Les automobilistes non couverts seront désormais faciles à repérer

La chasse aux automobilistes non assurés se poursuit en France. D’ailleurs, pour gagner en efficacité, les forces de l’ordre s’équipent de dispositifs de plus en plus performants contribuant à lutter contre les délits commis sur la route.

Ainsi, depuis le 4 juin 2019, un nouveau dispositif de repérage vient s’ajouter aux outils et techniques existants.

Appelé FVA, il permet de savoir instantanément si un véhicule est couvert ou non. Il vise ainsi les automobilistes qui n’ont pas renouvelé leur assurance ou qui ont changé de voiture, mais ne sont pas encore couverts. S’ils sont identifiés comme non assurés, ceux-ci risquent une peine conséquente. En effet, l'ère actuelle propose des comparatifs d'assurance auto pas cher pour tout automobiliste


Près de 800 000 automobilistes potentiellement concernés

Afin d’améliorer la sécurité routière, les autorités renforcent les mesures, et les automobilistes qui roulent sans assurance font partie des cibles.

En effet, d’après le rapport du Fonds de garantie des assurances obligatoires de dommage (FGAO), organisme en charge d’indemniser les victimes d’accidents causés par des automobilistes non assurés ou non identifiés, 31 000 sinistres ont impliqué des conducteurs sans assurance ou qui se sont enfuis l’an dernier.

Pourtant, la loi stipule clairement que la souscription d’une assurance auto est obligatoire pour tout véhicule motorisé.

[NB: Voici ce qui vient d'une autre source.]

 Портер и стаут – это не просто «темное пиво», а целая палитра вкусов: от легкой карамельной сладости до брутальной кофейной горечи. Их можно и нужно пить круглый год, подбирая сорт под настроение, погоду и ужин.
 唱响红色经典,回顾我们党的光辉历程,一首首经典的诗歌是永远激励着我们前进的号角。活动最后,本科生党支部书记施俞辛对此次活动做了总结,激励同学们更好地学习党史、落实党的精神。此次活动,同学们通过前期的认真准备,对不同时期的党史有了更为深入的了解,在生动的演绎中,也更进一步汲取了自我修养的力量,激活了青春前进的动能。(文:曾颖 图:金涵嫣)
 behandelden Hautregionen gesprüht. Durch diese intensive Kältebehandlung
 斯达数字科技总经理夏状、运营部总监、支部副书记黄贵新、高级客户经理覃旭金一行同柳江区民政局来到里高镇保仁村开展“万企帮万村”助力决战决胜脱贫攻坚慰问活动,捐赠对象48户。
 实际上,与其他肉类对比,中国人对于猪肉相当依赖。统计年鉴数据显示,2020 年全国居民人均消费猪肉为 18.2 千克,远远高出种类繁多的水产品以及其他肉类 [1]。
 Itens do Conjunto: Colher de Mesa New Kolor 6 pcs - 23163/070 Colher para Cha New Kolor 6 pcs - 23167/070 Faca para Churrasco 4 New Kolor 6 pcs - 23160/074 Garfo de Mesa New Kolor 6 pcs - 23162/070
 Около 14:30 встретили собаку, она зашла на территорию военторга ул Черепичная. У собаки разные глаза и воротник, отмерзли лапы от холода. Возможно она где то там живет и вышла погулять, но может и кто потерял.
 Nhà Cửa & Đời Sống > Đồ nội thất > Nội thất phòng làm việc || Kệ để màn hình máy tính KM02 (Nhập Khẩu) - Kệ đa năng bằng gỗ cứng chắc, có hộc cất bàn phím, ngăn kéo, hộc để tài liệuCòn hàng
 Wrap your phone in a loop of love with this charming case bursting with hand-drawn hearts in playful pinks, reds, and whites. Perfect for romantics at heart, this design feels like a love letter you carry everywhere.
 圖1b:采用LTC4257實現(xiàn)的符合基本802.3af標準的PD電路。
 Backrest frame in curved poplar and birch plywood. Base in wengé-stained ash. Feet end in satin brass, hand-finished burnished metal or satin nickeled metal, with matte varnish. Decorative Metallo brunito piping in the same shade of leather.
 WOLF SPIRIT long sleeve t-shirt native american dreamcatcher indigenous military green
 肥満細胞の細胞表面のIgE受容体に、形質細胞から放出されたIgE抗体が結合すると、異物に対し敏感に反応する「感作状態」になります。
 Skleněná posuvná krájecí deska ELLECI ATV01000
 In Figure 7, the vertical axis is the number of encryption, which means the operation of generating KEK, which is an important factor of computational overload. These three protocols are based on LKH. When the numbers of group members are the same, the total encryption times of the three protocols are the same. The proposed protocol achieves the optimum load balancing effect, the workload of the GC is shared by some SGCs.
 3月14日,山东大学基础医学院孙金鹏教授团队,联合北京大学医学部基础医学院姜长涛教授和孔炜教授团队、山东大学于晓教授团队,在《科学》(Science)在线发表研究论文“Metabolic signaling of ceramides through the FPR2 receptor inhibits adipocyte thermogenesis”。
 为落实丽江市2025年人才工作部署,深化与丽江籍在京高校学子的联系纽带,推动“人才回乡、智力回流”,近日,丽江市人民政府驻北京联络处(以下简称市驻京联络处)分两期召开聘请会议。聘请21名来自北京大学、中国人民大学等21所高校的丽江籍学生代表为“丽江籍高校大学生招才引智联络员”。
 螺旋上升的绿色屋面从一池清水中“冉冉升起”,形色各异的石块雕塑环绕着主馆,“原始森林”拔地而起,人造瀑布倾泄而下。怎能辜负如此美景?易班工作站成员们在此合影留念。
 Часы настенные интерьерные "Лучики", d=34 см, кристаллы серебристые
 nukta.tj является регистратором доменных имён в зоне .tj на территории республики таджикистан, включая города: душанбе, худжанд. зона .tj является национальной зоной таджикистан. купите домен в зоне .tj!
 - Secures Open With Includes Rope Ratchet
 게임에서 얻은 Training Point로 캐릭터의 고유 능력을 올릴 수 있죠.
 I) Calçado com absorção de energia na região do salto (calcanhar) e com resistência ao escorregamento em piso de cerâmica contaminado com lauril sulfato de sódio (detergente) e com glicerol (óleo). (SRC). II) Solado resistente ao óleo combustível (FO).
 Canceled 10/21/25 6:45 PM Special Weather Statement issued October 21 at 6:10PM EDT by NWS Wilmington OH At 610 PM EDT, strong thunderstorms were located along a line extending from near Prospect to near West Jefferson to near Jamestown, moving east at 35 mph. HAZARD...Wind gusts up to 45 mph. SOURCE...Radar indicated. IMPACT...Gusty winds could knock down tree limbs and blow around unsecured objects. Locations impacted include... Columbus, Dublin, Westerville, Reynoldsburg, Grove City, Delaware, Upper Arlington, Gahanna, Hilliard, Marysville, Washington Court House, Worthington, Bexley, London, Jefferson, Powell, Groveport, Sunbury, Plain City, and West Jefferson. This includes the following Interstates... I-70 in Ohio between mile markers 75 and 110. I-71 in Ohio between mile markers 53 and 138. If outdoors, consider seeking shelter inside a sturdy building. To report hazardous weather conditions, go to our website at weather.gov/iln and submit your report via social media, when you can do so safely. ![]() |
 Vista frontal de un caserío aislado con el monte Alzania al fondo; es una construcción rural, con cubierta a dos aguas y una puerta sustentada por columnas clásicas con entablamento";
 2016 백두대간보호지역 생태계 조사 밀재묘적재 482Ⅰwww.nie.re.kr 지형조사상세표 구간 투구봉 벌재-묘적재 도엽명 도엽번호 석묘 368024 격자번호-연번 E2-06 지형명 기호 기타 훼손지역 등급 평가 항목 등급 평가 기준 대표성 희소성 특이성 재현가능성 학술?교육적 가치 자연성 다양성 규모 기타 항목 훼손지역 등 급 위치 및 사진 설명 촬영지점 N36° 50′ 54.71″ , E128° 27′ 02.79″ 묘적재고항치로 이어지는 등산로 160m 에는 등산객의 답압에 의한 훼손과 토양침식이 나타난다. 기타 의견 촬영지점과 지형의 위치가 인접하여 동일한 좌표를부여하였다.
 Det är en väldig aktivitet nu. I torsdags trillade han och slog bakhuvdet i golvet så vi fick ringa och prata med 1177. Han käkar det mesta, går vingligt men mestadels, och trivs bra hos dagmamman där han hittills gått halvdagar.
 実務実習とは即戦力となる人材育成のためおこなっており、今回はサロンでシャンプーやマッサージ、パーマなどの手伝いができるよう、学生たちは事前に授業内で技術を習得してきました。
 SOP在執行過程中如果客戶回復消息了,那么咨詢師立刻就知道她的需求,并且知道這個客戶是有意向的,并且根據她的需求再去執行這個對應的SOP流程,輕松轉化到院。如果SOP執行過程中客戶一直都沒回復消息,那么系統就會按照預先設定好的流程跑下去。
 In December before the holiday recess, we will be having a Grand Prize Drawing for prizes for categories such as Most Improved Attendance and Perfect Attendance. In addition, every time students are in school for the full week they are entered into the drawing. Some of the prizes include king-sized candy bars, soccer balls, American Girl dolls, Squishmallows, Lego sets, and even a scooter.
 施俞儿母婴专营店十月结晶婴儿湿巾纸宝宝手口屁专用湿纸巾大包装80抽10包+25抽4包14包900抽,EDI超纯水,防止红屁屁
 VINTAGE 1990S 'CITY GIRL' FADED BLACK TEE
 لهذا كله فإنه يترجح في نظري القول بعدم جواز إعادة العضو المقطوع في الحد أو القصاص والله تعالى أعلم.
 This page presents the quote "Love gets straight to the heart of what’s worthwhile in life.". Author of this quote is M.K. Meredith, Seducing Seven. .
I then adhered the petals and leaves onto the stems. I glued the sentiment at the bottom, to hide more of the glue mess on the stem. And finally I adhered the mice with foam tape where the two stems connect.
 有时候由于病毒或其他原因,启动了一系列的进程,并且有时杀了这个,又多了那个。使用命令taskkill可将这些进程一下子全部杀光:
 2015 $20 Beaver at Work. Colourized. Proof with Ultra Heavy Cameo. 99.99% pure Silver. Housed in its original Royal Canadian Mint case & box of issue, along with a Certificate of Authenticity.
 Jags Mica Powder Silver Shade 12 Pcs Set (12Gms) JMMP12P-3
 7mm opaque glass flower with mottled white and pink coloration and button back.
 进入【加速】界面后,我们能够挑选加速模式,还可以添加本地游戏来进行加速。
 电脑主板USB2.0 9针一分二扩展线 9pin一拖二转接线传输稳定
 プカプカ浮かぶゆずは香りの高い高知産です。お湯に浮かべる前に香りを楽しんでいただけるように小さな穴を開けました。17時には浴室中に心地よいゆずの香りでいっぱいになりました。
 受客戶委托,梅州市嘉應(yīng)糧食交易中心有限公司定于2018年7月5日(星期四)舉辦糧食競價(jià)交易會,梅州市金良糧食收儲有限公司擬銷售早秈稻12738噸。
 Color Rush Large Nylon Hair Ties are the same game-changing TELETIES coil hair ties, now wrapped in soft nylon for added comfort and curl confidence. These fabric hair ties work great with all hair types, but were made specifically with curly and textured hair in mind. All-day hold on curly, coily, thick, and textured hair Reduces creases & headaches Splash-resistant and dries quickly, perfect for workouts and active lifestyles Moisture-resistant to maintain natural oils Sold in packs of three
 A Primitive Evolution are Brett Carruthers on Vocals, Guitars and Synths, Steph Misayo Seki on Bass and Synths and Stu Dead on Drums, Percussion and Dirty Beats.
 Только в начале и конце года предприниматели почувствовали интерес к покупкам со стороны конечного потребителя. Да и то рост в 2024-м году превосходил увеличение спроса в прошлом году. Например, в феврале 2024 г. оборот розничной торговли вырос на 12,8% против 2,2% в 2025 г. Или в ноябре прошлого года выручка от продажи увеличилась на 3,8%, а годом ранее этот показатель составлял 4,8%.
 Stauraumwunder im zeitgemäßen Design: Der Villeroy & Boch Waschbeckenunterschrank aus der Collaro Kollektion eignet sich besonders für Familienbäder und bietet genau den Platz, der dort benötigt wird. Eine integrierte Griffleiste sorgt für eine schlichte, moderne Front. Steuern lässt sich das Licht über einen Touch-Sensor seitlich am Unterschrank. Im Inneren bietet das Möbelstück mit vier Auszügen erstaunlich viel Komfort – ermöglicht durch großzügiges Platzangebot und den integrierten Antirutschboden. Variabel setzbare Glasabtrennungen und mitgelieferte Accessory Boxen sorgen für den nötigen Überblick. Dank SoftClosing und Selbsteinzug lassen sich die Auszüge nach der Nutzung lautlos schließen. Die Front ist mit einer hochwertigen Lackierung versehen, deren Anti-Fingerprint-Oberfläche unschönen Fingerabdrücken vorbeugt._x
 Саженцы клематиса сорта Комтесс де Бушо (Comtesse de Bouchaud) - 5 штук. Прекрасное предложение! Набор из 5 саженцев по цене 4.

Détenir une couverture d’assurance est d'ailleurs crucial pour se prémunir des conséquences financières. En effet, en plus des sanctions encourues, l’automobiliste se trouve contraint d’assumer seul les frais des dommages causés.

Et pourtant, en France, près de 750 000 conducteurs ne sont toujours pas couverts par une assurance auto, selon les données de l’Observatoire interministériel de la sécurité routière. Ils étaient même 800 000 en 2017. Le rapport du FGAO avance également que près de la moitié des conducteurs non assurés responsables d’accidents sont des jeunes de 18 à 30 ans.

Amorcée dans un premier temps à Paris et dans les départements de la petite couronne (Seine-Saint-Denis, Hauts-de-Seine et Val-de-Marne), l’utilisation du FVA devrait par la suite être progressivement étendue sur l’ensemble de la France.


Les risques de fraudes réduits à néant

Pour échapper aux sanctions, il est important d’être couvert par un contrat d’assurance auto. La loi oblige les conducteurs à disposer de la garantie minimum, conférée par l’assurance responsabilité civile.

Néanmoins, pour rouler en toute tranquillité, il est recommandé de souscrire une assurance tout risque qui offre une couverture pour le conducteur comme pour le véhicule, en cas d’accidents causés par le conducteur ou par un tiers, identifié ou non, en cas de catastrophe naturelle, de vandalisme, etc.

Sans assurance, un automobiliste risque une amende de 3 750 euros (7 500 euros s’il s’agit d’une récidive), la confiscation de son véhicule ainsi que l’annulation de son permis. D’autant qu’avec le FVA, il ne pourra plus recourir aux tricheries comme les fausses vignettes.

En effet, les autorités se serviront des données fournies et mises en commun par les professionnels de l'assurance pour repérer les automobilistes non assurés.

Elles utiliseront les informations de la plaque d’immatriculation pour vérifier l’existence ou non d’un contrat d’assurance correspondant dans le FVA
. En l’absence de couverture, elles disposent d’un délai de trois jours pour confirmer le délit.

D’après Le Parisien, les autorités envisagent également d’utiliser les radars automatiques pour détecter en même temps les excès de vitesse et les véhicules non assurés. Le conducteur subira dans ce cas une double peine.